CDC Public Health Data and ArcGIS Online
This tutorial covers basic public health geospatial data concepts and the visualization of public health data using state-level data from the US Centers for Disease Control and Prevention.
The Centers for Disease Control and Prevention
The Centers for Disease Control and Prevention (CDC) is the US federal government's premier public health agency. The CDC works to "protect America from health, safety and security threats, both foreign and in the U.S. Whether diseases start at home or abroad, are chronic or acute, curable or preventable, human error or deliberate attack, CDC fights disease and supports communities and citizens to do the same" (CDC 2019a).
The CDC began operation in 1946 as Communicable Disease Center, with a focus on malaria prevention.

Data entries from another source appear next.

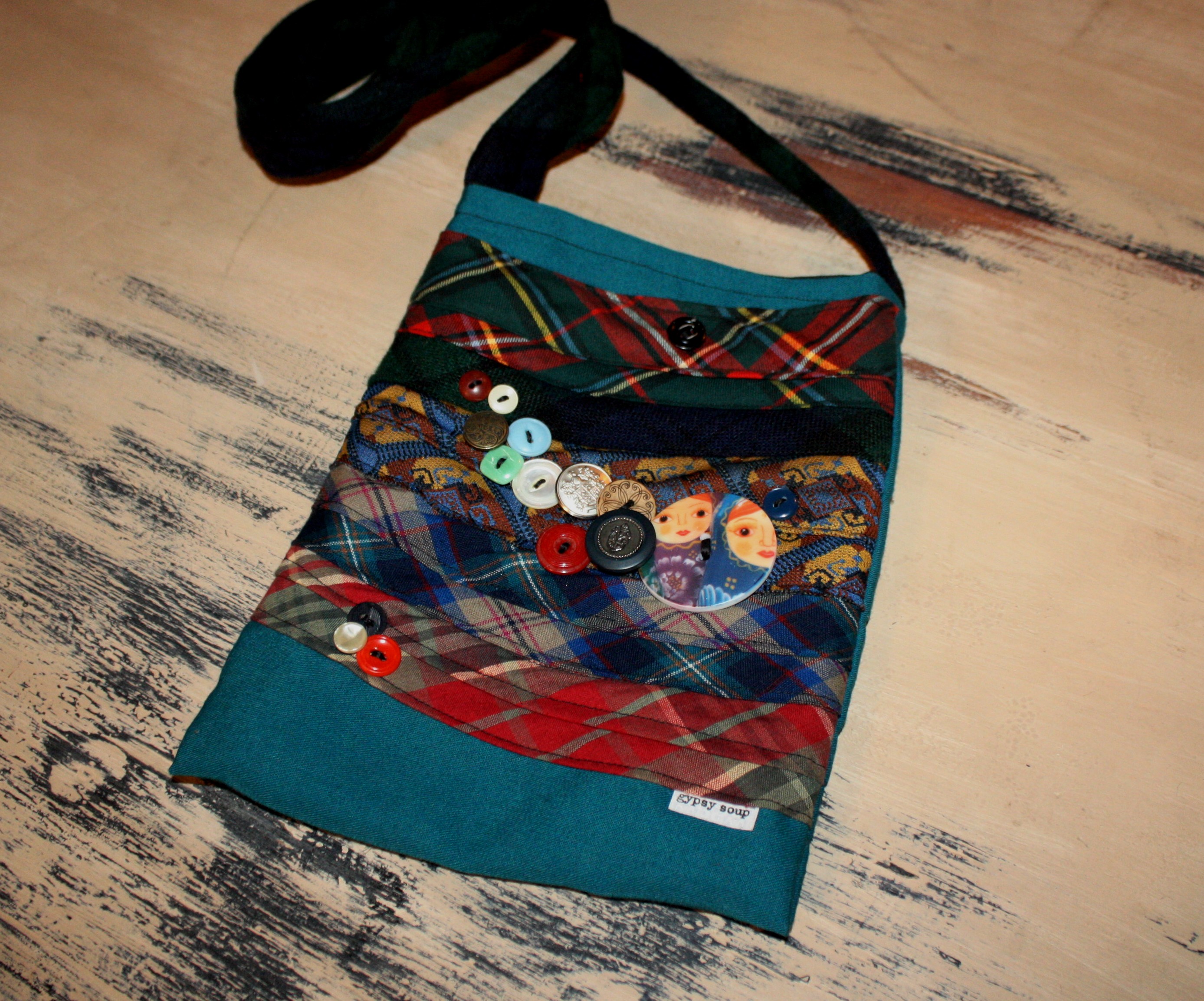 This across body pouch is made of repurposed jackets and/or skirts, with kneck tie guts that make us HAPPY! This pouch was constructed with various vintagey linens, fabrics and tie guts!!! 90% repurposed materials! All Handmade my GypsySoup in Kansas City, Missouri!
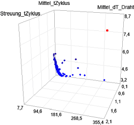 Die 2D-Projektionen dieser "Seifenhaut"-Menge führt im Beispiel nur für die (Mittel_tZyklus, Mittel_dT_Draht)-Ebene zu einer anschaulichen Darstellung der Pareto-Menge:
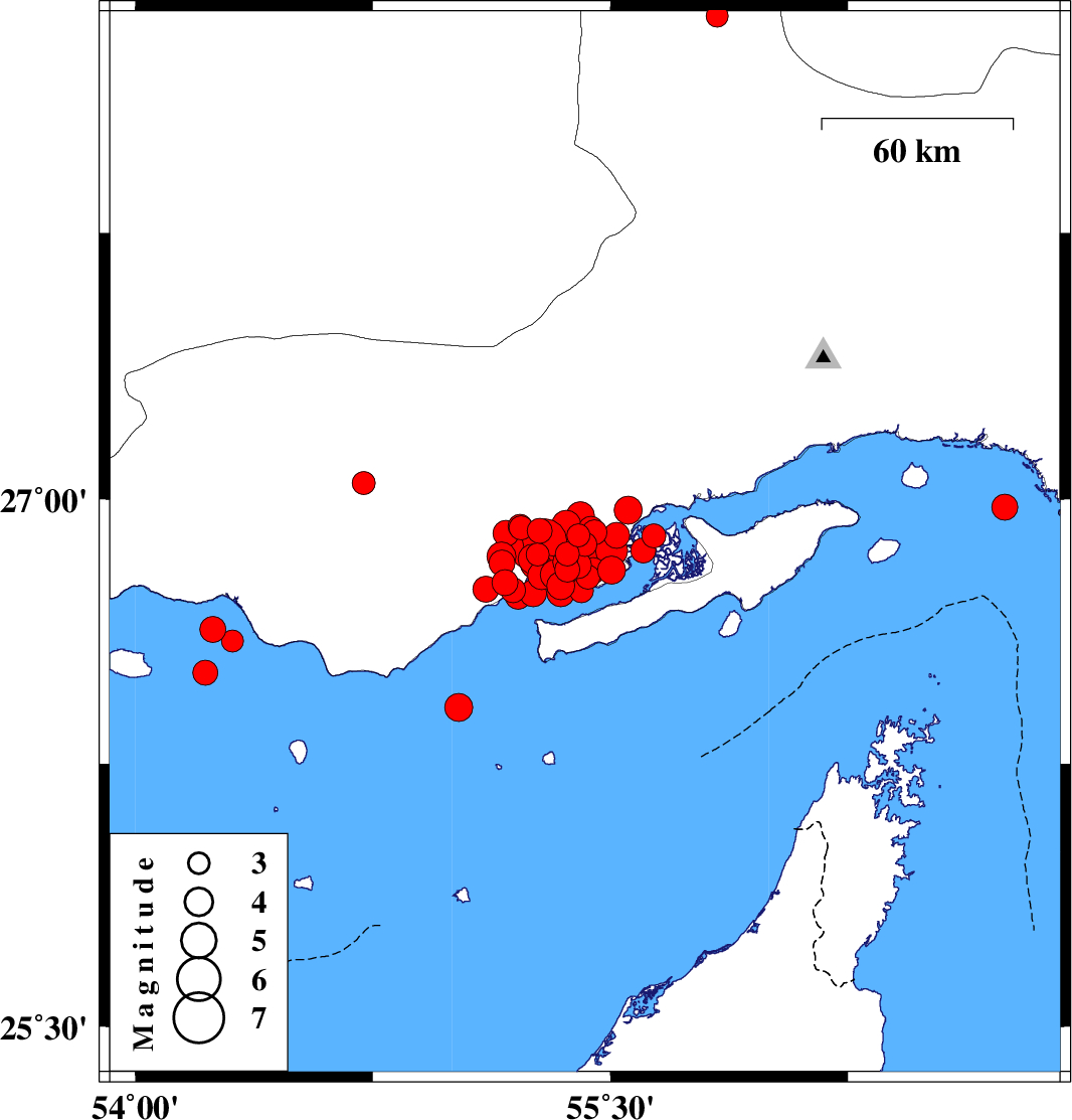 | 2022/07/04 | 04:14:48.7 | 08:44:48.7 | 26.756 | 55.343 | 8 | ML4 | Persian Gulf, 55 km North-East of Bandar-e lengeh | ||

The CDC is an agency under the US Department of Health and Human Services (HHS) and is headquartered in Atlanta, GA (CDC 2019b).
A fundamental part of the agency's mission is surveillance, and in that role the CDC collects and disseminates a vast array of public health data, contributing to the work of public health researchers around the world.
Measuring Public Health
Incidence vs. Prevalence vs. Mortality
There are three common types of values used to measure the extent of health conditions:
- Incidence is the number of new diagnoses of a health condition within a specific area and time
- Prevalence is the number of people that have a health condition within a specific area and time
- Mortality is the number of people that have died as a result of a health condition within a specific area and time
Incidence is often most appropriate for acute conditions, like influenza, where the beginning of symptoms is fairly clear, but the duration of the illness is comparatively short.
Prevalence rather than incidence is often a more appropriate measure for chronic diseases such as diabetes or osteoarthritis which have long duration and where it can be difficult to detect or assign the exact date of onset.
However, accurate prevalence information is often more-difficult to capture than incidence information, since incidence data can be collected from doctors through public health reporting systems, but individuals who have chronic health conditions may not be under the regular care of medical professionals.
Mortality data is widely available, since deaths are vital records tracked by local government officials. However, since there can be multiple factors contributing to a person's death, cause of death information may not fully reflect the extent of specific health conditions.
Counts vs. Rates
Incidence, prevalence, and mortality can be expressed as counts or rates:
- Counts are the number of people affected in a specific area and time
- Rates are the proportion of people affected in a specific area and time
Rates are often more useful than counts because rates permit comparison between different geographic areas (especially when they have different populations) or across different times.
A rate is calculated by dividing the count by the population, and represents the frequency with which a health condition occurs.
For example, a large city will almost always have a higher count of a health condition compared to a small rural county, but the small county can have a higher rate if they are being more seriously impacted by an epidemic than the large city. Likewise, if a city grows over time, the count of people affected by a health condition will increase, but if the rate is the same, you can know that the effect of that condition is still largely the same.
Crude Rates vs. Age-Adjusted Rates
Rates are commonly presented in one of two forms:
- Crude rates are calculated by simply dividing counts by population
- Age-adjusted rates are crude rates that have been modified so they reflect the rate that would be expected if a particular group of people had the same distribution of ages as the general public
As people age, they tend to have more health problems than they did when they were younger. As such, places that have a higher proportion of older residents will tend to have higher rates of health conditions that affect older people. This can skew the results of analysis or visualization by indicating that a particular area has been unusually affected by a health condition when the reality is that there are simply more senior citizens there.
As with the choice of rates over counts, age-adjusted rates allow comparisons of different areas or places to determine which areas have unusually high or low rates of a specific health condition rather than just where there are large numbers of older residents.
If you are a local public health official attempting to target the maximum number of people with an intervention, counts or crude rates might be more appropriate than age-adjusted rates. However, if you are making some kind of comparison or analysis involving different areas and/or time periods, age-adjusted rates are usually more appropriate.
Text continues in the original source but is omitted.